CPU affinity

Anthony

Registered
On a multi-processor Windows NT based machine you can bring up task manager, look at the list of running processes, right click and use the "Set Affinity" option to tell which processes to use which CPU. I'm wondering if there is something equivalent on OS X so that I could force certain processes to use certain CPUs and override the automatic threading/affinity. Any ideas? Or is it not even possible on the Darwin kernel?
 
I've already looked that over but can't find anything to do with affinity.. it doesn't even display information related to which CPU is doing what other than the overall load on each. I also noticed the unix command "pset" is missing from Unix side that would normally let you set the affinity, so I'm thinking maybe Darwin doesn't support on-the-fly changes in this manner. (Its entirely possible, I don't think Linux supports it either without special kernel hacks.)
 
isn't this also called "nice"? like, you can re-nice a process to allot more cpu? maybe i'm wrong.
 
Its not the same thing as nice. CPU affinity means selecting WHICH cpu does which thread. Its only something you consider on multiple-cpu machines. Nice changes the priority of a PROCESS. Processes are made up of one or more threads. Affinity is which physical CPU processes which thread. The system kernel automatically distributes threads across multiple CPUs but sometimes it doesn't do the most efficient job.

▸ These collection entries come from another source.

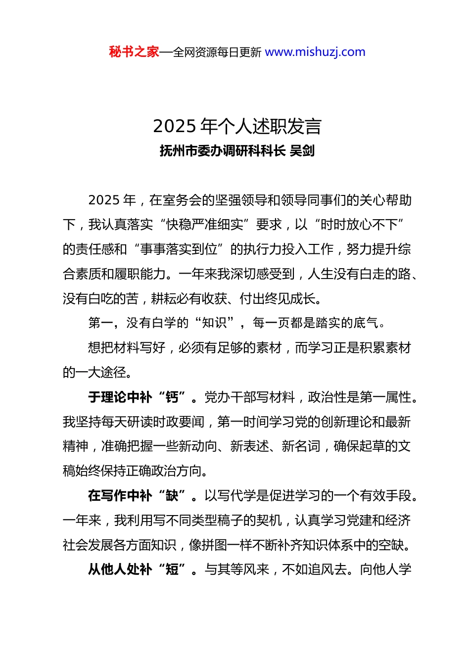 秘书之家—全网资源每日更新 www.mishuzj.com2025 年个人述职发言抚州市委办调研科科长 吴剑2025 年,在室务会的坚强领导和领导同事们的关心帮助下,我认真落实“快稳严准细实”要求,以“时时放心不下”的责任感和“事事落实到位”的执行力投入工作,努力提升综合素质和履职能力。一年来我深切感受到,人生没有白走的路、没有白吃的苦,耕耘必有收获、付出终见成长。第一,没有白学的“知识”,每一页都是踏实的底气。想把材料写好,必须有足够的素材,而学习正是积累素材的一大途径。于理论中补“钙”。党办干部写材料,政治性是第一属性。我坚持每天研读时政要闻,第一时间学习党的创新理论和最新精神,准确把握一些新动向、新表述、新名词,确保起草的文稿始终保持正确政治方向。在写作中补“缺”。以写代学是促进学习的一个有效手段。一年来,我利用写不同类型稿子的契机,认真学习党建和经济社会发展各方面知识,像拼图一样不断补齐知识体系中的空缺。从他人处补“短”。与其等风来,不如追风去。向他人学秘书之家—全网资源每日更新 www.mishuzj.com习是拓宽视野、补齐短板的有效路径。幸运的是材料口有几位领导的常指导、常教导,有同事之间经常的思维碰撞、头脑风暴,让我能够跳出个人经验的局限,不断弥补自身的短板,让笔下的文字承载更广的视野、更实的思考和更强的说服力。第二,没有白写的“废稿”,每一篇都是积累的宝藏。好文章既是改出来的,也是磨出来的。在材料口,“一稿过”是水平,“多稿过”则是常态。但正是这些被推翻、被修改的稿件,成为我提升文稿质量的宝贵财富。不轻视每一份初稿。无论大会、小会,亦或是对上、对内的汇报、讲话材料,我都坚持高标准、严要求,不轻信基础素材、基础文稿,精心构思、反复推敲,从框架搭建到观点提炼,从数据核实到语句润色,不放过任何一个细节,努力做到尽善尽美。不厌烦每一次修改。文章不厌百回改,反复推敲出好文。在几位领导的严格要求下,让我不断提高写材料的标准,把每一次修改,都当成是一次对标看齐、思路梳理、水平提升的过程,写出来的稿子也更加契合市委意图。不回避每一个问题。今年办公室推行了错情登记制度,我也在本子里记下了碰到的各种问题,有因工作不熟导致的,也有因不好的写作习惯产生的。为此,我定期对已完成的文稿进秘书之家—全网资源每日更新 www.mishuzj.com行复盘,分析领导修改后的、其他同事写的同类型材料和我写的有何不同,不断总结经验、汲取教训,努力追求更高的质量标准。第三,没有白加的“夜班”,每一次都是进步的阶梯。材料口常常是大事要事交织、急事难事叠加,任劳任怨是心态,加班加点是常态。写材料虽然“苦”,但能从领导肯定中感受到“乐”,从完成繁重任务中体验到“乐”,从个人素质能力提升中享受到“乐”。用心用力方能苦有所为。党办工作绝非简单“出力”就能见效,唯有倾注心力、深思熟虑,才能把大事办成、小事办实。加班的价值也不在于“熬时间”,而在于“用真心”,否则只能算值班,不能算加班。夜深人静之时,更容易沉浸到写作状态中,提前把手上的稿子完成,留出更多的时间给领导审稿,避免因时间不足而影响稿件质量。任劳任怨方能苦有所得。文稿工作人员藏于“幕后”、隐于“纸下”,写得好是应该的,出了错是要挨批的,心态非常重要。下半年几次科里周末轮班都碰到“忙碌局”,多个材料叠加在一起,不仅要写得快,还要送审的及时。但也正是这些经历,让我的应急能力、抗压能力得到提升。戒骄戒躁方能苦有所值。成绩面前易骄傲,复杂局面易急秘书之家—全网资源每日更新 www.mishuzj.com躁,特别是加班写材料,更容易让人觉得烦躁。党办虽然是“清水衙门”,但因地位特殊、岗位重要,依然容易面对诱惑挑战。一年来,我时刻提醒自己在诱惑面前要有戒心、在风浪面前学会静心、在杂乱面前保持细心,始终保持定力、严于律己,维护好办公室和党办干部的良好形象。展望 2026,我将秉持“学习永远在路上、磨砺永远无止境、奋斗永远正当时”的信念,努力锤炼好文笔、养成好文风,为服务市委中心工作、保障办公室高效运转贡献智慧力量。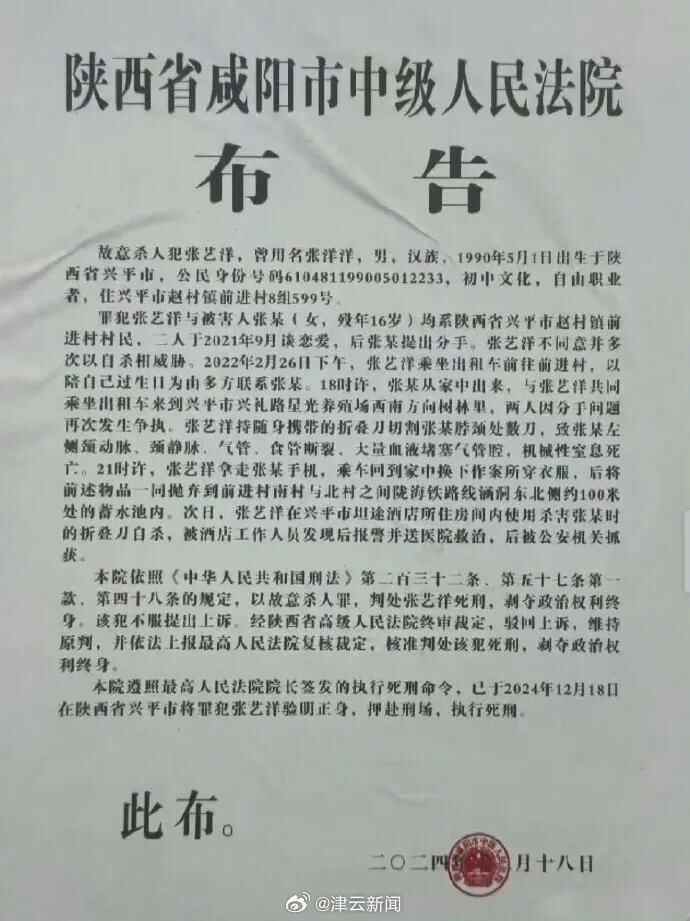 陕西咸阳市中级人民法院近日公布一宗曾轰动社会的杀人案调查报告,2022年时,男艺人张艺洋因不满16岁女友提出分手,持刀将其杀害,并试图制造女方自杀假象,最终以故意杀人罪被判处死刑,并已于去年12月18日被执行死刑,他也因此成为中国娱乐圈首位被依法判处并执行死刑的艺人。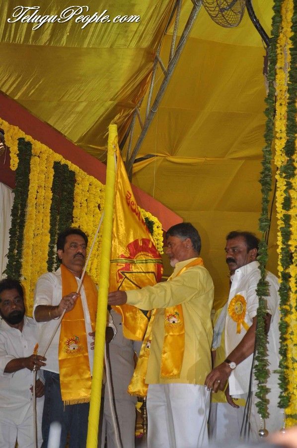 TDP supremo and Andhra Pradesh chief minister designate N Chandrababu Naidu at inauguration of party's two day enclave Mahanadu began at Gandipet in Hyderabad on Tuesday.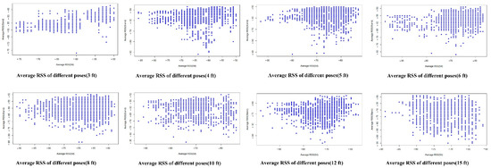 Figure 8 shows two-dimensional plots of RSSI patterns from different poses at the same distance. The x-axis represents the RSSI of the sitting posture. The y-axis represents the RSSI of the standing posture. Note that the pattern of RSSIs of different poses cannot be grouped into clusters. The degree of separation does not increase as distance changes from 3 ft to 15 ft at different poses. This observation suggests that signals with more significant standard deviations (or variance) will make it more challenging to perform proximity detection. The 3-feet distance, as shown in Figure 9, has a substantially more distinct patterns than the other lengths. As a result, RSSI data from sitting and standing poses may be combined to obtain a 3-feet distance marker. On the other hand, the different distances produce no discernible pattern change. The RSSs of the sitting and standing poses for the 3-feet distance is closer simultaneously, but the RSSs of the two poses for the other ranges are further away.

For example if I'm encoding a large video file (which is something I do quite often, the main reason I'm trying to figure out if this is possible), I could have a thread running for literally 10-20 hours. The thread is assigned to a CPU at the beginning of the task, which might make sense at the time... but after many hours depending on what else I'm doing on my machine it might not make sense to still be running it on that CPU. Its a nerdy nit-picky thing, but it would just be nice to be able to shuffle things around so that I'm getting the most out of the machine when I'm running these really long and intensive tasks.
 
in that case, an alternate solution might be to take a look at apples xGrid app. if you have multiple macs, it might make sense to let the large time-intensive task be distributed to other machines on your network.though, i suppose if you had a mac sitting around, you wouldn't be asking this question.
 
Its not the same thing as nice. CPU affinity means selecting WHICH cpu does which thread. Its only something you consider on multiple-cpu machines. Nice changes the priority of a PROCESS. Processes are made up of one or more threads. Affinity is which physical CPU processes which thread. The system kernel automatically distributes threads across multiple CPUs but sometimes it doesn't do the most efficient job.

For example if I'm encoding a large video file (which is something I do quite often, the main reason I'm trying to figure out if this is possible), I could have a thread running for literally 10-20 hours. The thread is assigned to a CPU at the beginning of the task, which might make sense at the time... but after many hours depending on what else I'm doing on my machine it might not make sense to still be running it on that CPU. Its a nerdy nit-picky thing, but it would just be nice to be able to shuffle things around so that I'm getting the most out of the machine when I'm running these really long and intensive tasks.

It looks like that you're looking for taskset.

Apparently, from the looks of it; that is NOT available in OS X. And also according to this source, it says that the FreeBSD version of that is cpuset.

Otherwise, it doesn't look like that it's possible at all.

I wonder if you can actually just download the source code for taskset/cpuset and then compile it for OS X. Hmmm...weird.